According to the researchers, this move implies that “FIN7 has continued to expand into the ransomware sphere.” Nick Carr, a security analyst at Microsoft, said at the Mandiant Cyber Defense Summit in September that FIN7 had produced the software used in the hack that disrupted Colonial Pipeline Co.’s operations, The Wall Street Journal said.
Old Tactic, New Twist
Although the process is not new, it is interesting to see how threat groups filter out unsuitable candidates, says Roger Grimes, data-driven defense evangelist at cybersecurity firm KnowBe4.
“This [the recruitment scam] has been going on for decades, especially in India, Russia and China. All the big job sites are full of positions for malicious companies.
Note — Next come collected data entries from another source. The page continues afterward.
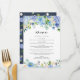 Wassercolor Blue Hydrangea Garland Wedding Menükarte
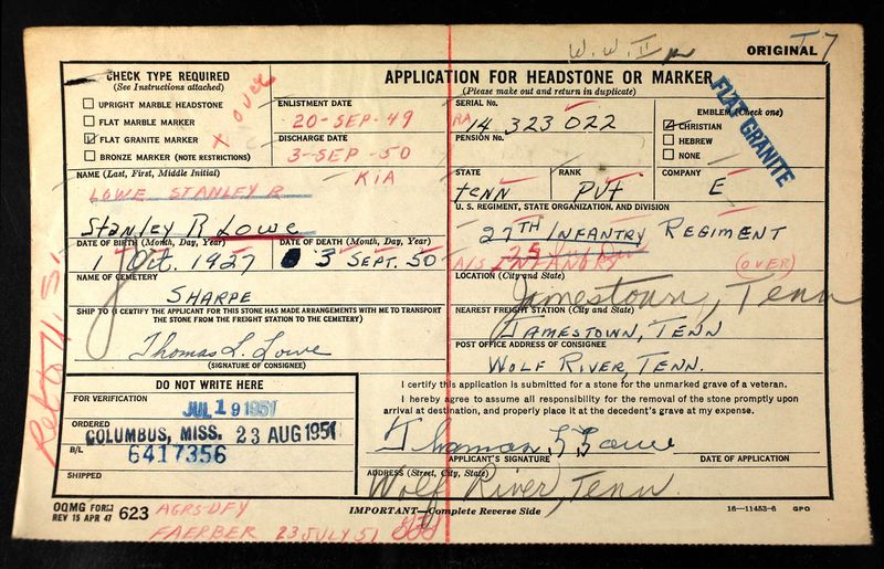 Private Lowe was a member of the 27th Infantry Regiment, 25th Infantry Division. He was Killed in Action while fighting the enemy in South Korea.
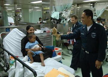 Keywords: US Navy 060701-N-3532C-032 Navy Hospital Corpsman 3rd Class Ronald Bayaca of San Diego, Calif., entertains a young patient aboard the U.S. Military Sealift Command hospital ship USNS Mercy (T-AH 19).jpg en Chittagong Bangladesh July 1 2006 - Navy Hospital Corpsman 3rd Class Ronald Bayaca of San Diego Calif entertains a young patient aboard the U S Military Sealift Command hospital ship USNS Mercy T-AH 19 The child is aboard Mercy preparing to undergo cleft lip surgery during Mercy's visit to provide humanitarian and civic assistance to the people of Bangladesh For the next several days Mercy's medical crew will work together with Operation Smile to conduct cleft lip and palate surgeries Mercy is on a five-month deployment to South Asia Southeast Asia and the Pacific Islands having recently completed 24 days of humanitarian assistance to the people of the southern Philippines The medical crew aboard Mercy will provide general and ophthalmology surgery basic medical evaluation and treatment preventive medicine treatment dental screenings and treatment optometry screenings eyewear distribution public health training and veterinary services as requested by the host nations Mercy is uniquely capable of supporting medical and humanitarian assistance needs and is configured with special medical equipment and a robust multi-specialized medical team that can provide a range of services ashore as well as aboard the ship The medical staff is augmented with an assistance crew many of whom are part of nongovernmental organizations that have significant medical capabilities U S Navy photo by Mass Communication Specialist Seaman Joseph Caballero RELEASED 2006-07-01 060701-N-3532C-032 Navy http //www navy mil/view_image asp id 36337 U S Navy photo PD-USGov-Military-Navy Images from US Navy location Chittagong Bangladesh |

What is interesting is how quickly they filter out a candidate who has ethics and is interested in not breaking the law,” he tells ISMG.
“The malware companies are looking for the strongest developers they can get, so they advertise all the right skills and requirements for the job. When they connect to a candidate and start the initial interview, if the candidate asks any questions that might indicate that the candidate might have a problem with the intent of what they might be doing, they are immediately cut off,” he adds.
Recruiting security professionals to do the hard work of gaining access to a target – who will then be set up to take the fall for any criminal involvement detected – is, “in a way, brilliant,” says Chris Clements, vice president of solutions architecture at Cerberus Sentinel.
“Given the low amount of pay advertised, the recruitment targets are likely low-skilled or in very poor areas of the world. Experienced penetration testers in the developed world can command salaries many times what FIN7 appears to have offered. Still, this points to ransomware gangs more and more turning to targeted attacks against specific victims rather than haphazard ‘spray and pray’-type approaches to compromising targets,” he tells ISMG.
Gemini Advisory sent law enforcement agencies a copy of the report that it says was redacted only for public viewing to protect its source.
As a preventive measure, search engine giant Google added the www[.]bastionsecure[.]com domain name to its blacklisting service Safe Browsing. Those who try to access the website receive a “Deceptive site ahead” warning.